Multi Region Failover
Multi-Region Failover for SFTP Gateway in AWS
This article explains how to deploy SFTP Gateway in a multi-region failover architecture using AWS Route 53 weighted routing. This configuration provides disaster recovery capabilities by allowing you to failover SFTP traffic from a primary region to a secondary region.
On October 20, 2025, AWS us-east-1 experienced an outage which disrupted services for 14 hours. This event has sparked discussions on how organizations can maintain continuous operations
were this to occur again.
Overview
In a multi-region failover architecture, you deploy two independent SFTP Gateway HA stacks in different AWS regions. Route 53 weighted DNS records direct traffic to the appropriate stack. Under normal operation, all traffic flows to the primary region. During a failover event, you adjust the DNS weights to redirect traffic to the secondary region.
Fig-1: Multi-region failover architecture
Key benefits:
- Disaster recovery across AWS regions
- Minimal downtime during regional outages
- Seamless failover for SFTP clients (no client-side changes required)
Architecture
This configuration involves:
- Two SFTP Gateway HA stacks deployed in separate AWS regions
- DNS-based traffic distribution using Route 53 weighted routing
- S3 cross-region replication for data synchronization
- Unified server host keys for seamless client connectivity
Prerequisites
Before you begin, ensure you have:
- An AWS account with permissions to deploy CloudFormation stacks in multiple regions
- A registered domain name with DNS hosted in Route 53
- Familiarity with SFTP Gateway HA deployment
Step 1: Deploy the Primary Stack (Region 1)
Deploy an HA stack of SFTP Gateway in your primary region (e.g., us-east-1).
- Navigate to the AWS CloudFormation console in
us-east-1 - Deploy the SFTP Gateway HA CloudFormation template
- For testing purposes, you can set the Desired Capacity to 1 instance
- Complete the First Launch Experience
- Note the NLB endpoint from the CloudFormation Outputs tab
For detailed deployment instructions, see CloudFormation: HA new network.
Step 2: Configure the Default Cloud Connection on the Primary Stack
Deploying an HA CloudFormation stack creates an S3 bucket and automatically configures a Default Cloud Connection pointing to it. By default, this Cloud Connection doesn't specify a Region—it inherits from the HA stack's region. Since this article is about multi-region failover, you should explicitly set the Region.
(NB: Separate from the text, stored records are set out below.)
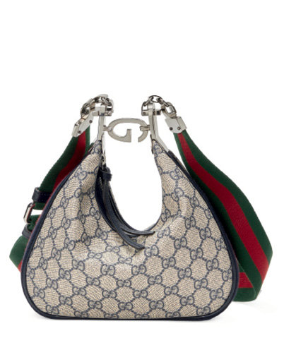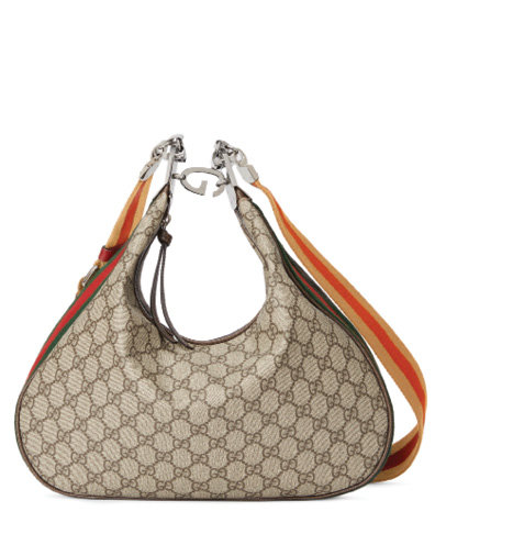 ويحافظ مونوغرام GG على قيمته للمواسم القادمة ويشكل عنصراً خالداً في خزانة الملابس، وقد سجّل خلال السنوات الأخيرة عودة لافتة. وبات المستهلكون يميلون نحو اقتناء قطع لا غنى عنها ومليئة بطبعات الشعارات وهي تزداد شعبيةً وطلباً. وتماشياً مع رموز العلامة التجارية، تمثل حقيبة Gucci Attache التي تم طرحها مؤخراً هوية العلامة التجارية بكل جوانبها. ويميّزها إبزيم على شكل حرف G، وهي مقلّمة بأسلوب شبكي، ما يعكس بشكل مثالي رموز الدار البارزة والرؤية الحديثة التي تعتمدها اليوم. فالتصميم المعاصر مستوحى من عنصر تاريخي في الأرشيف يعكس أسلوباً من حقبة السبعينات. وقد طُرحت بألوان أحادية بالإضافة إلى طبعة المونوغرام التي تظهر على تشكيلة من الأحجام المختلفة. وتضيف العناصر التفصيلية للمعدن المميز على شكل G الذي يفتح ويغلق، اللمسات الأخيرة على موديل نصف القمر.
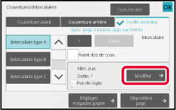 Modifiez les réglages des couvertures et des feuilles d'insertion.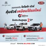 พิเศษ นำรถมาประเมินราคากับโตโยต้า ชัวร์ภายในงาน “บางกอก อินเตอร์เนชั่นแนล มอเตอร์โชว์ ครั้งที่ 46” วันที่ 26 มีนาคม – 6 เมษายน นี้ ที่ชาเลนเจอร์ ฮอลล์ 1-3 อิมแพ็ค เมืองทองธานี รับบัตรภาพยนตร์จำนวน 2 ที่นั่งมูลค่า 560 บาท และสำหรับลูกค้าที่แลกเปลี่ยนรถกับโตโยต้า ชัวร์ภายในงาน รับฟรีชุดอุปกรณ์เติมลมยางมูลค่า 1,700 บาท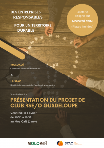 MOLOKOÏ et la STAC sont heureuses de vous inviter à la présentation du projet de création du premier club RSE de Guadeloupe le vendredi 10 Février 2023 de 7h30 à 9h00 au Moz Café, à Jarry.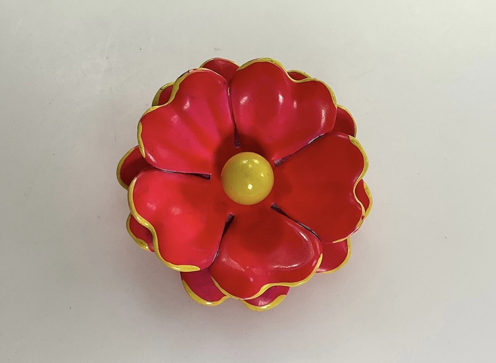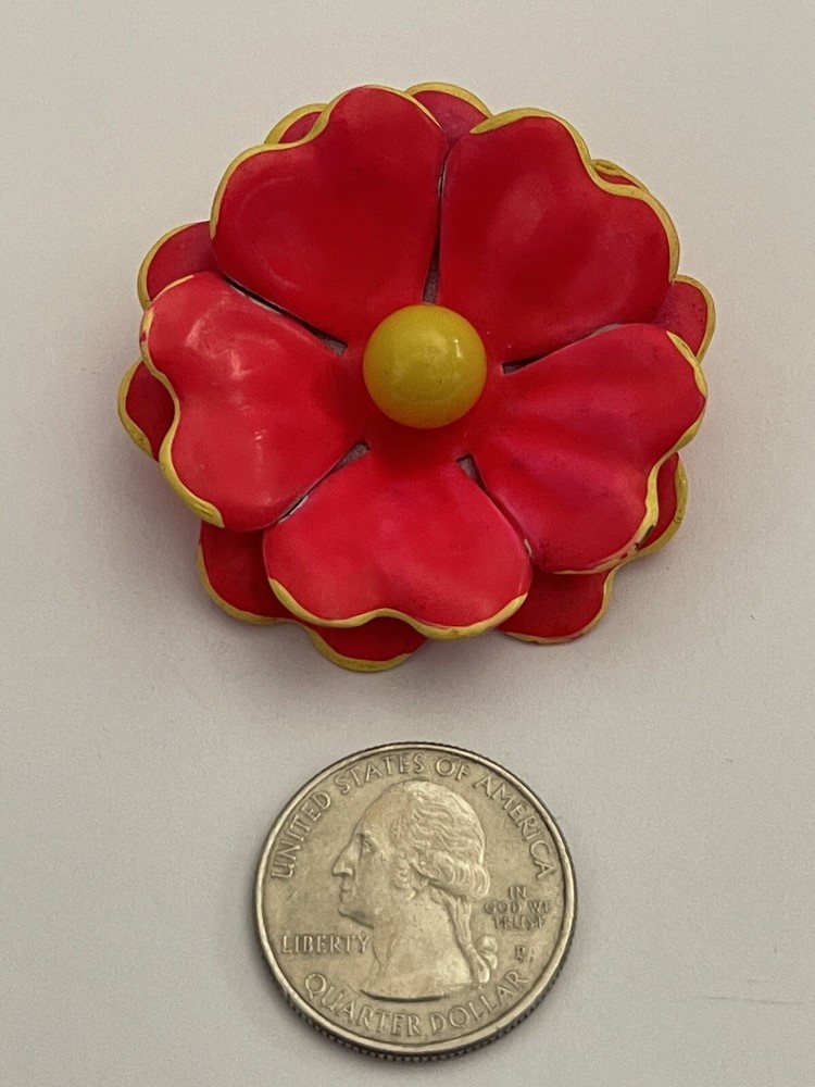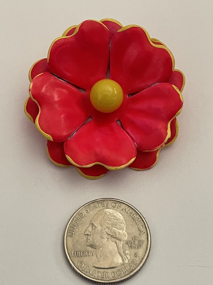 This auction is for a Groovy Vintage Mid Century Mod Pinkish Orange & Yellow Flower Brooch #HippyChic….measures approx 1 1/2” wide and Long ...in lovely preloved condition ... Not signed ….. I have other jewelry on Ebay and happily combine shipping.. Questions - please email me before auction ends. Winning bidder to pay shipping and handling, item will be shipped in a first class mail padded envelope. ....Payment is due within 24 hours of auctions end . ……THESE TERMS ARE NOT NEGOTIABLE AFTER AUCTION ENDS..... *** International buyers will pay at a different rate for shipping..I have the auction set for Global shipping, I can change it to USPS shipping on my auction based on the country you live in. Certain countries, I can only use Global Shipping. This can only be done BEFORE the auction ends, please ask first. If you do not ask before, I cannot change it after the auction ends. L International Buyers – Please Note: * Import duties, taxes and charges are not included in the item price or shipping charges. These charges are the buyer's responsibility. * Please check with your country's customs office to determine what these additional costs will be prior to bidding/buying. * These charges are normally collected by the delivering freight (shipping) company or when you pick the item up – do not confuse them for additional shipping charges. * We do not mark merchandise values below value or mark items as "gifts" - US and International government regulations prohibit such behavior. OTHER IMPORTANT INFORMATION Most of the items I offer are bought on the secondary market and therefore I do not know the history behind them. I strive to purchase and sell only quality items and once they come to my home they are stored in a clean, smoke-free environment. I will do my best to describe each item, pointing out any missing items, minor flaws, etc. however, being only human - there may be an occasion when something has been overlooked. It is never my intention to deliberately withhold information or misrepresent the item in anyway. Please keep in mind these items have been previously owned and are not new. Please review the description and the pictures carefully and if I can answer any questions or provide you with additional photos please do not hesitate to e-mail me before bidding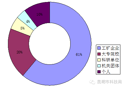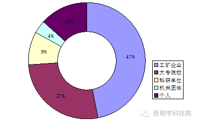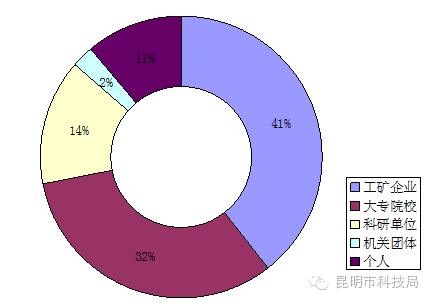 2016年上半年工矿企业发明专利申请985件、占发明专利申请量的40%,大专院校发明专利申请809件、占发明专利申请量的32%,科研单位发明专利申请359件、占发明专利申请量的14%,机关团体发明专利申请60件、占发明专利申请量的3%,个人发明专利申请280件、占发明专利申请量的11%。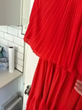 Kate Spade Red Pleated Cape Sleeve Midi Dress

- Log into the SFTP Gateway web admin interface for Stack 1
- Navigate to the Settings page
- Edit the Default Cloud Connection
- Set the Region field (e.g.
us-east-1) - Click Test Connection and verify there are 3 green check marks
Step 3: Configure a Test User on the Primary Stack
Before exporting the configuration, create a test user on the primary stack to verify the setup.
- Navigate to the Users page
- Click Add user
- Enter a username (e.g.,
robtest) - Configure authentication (SSH key or password)
- Click Save
For more details, see Add and Configure Users Using UI.
To make sure everything is working, test the SFTP user you just created:
- Open an SFTP client like FileZilla
- Log in using the NLB endpoint
- Upload a test file
Note: It's important to upload a test file, because you will need this to test the bucket sync process later on.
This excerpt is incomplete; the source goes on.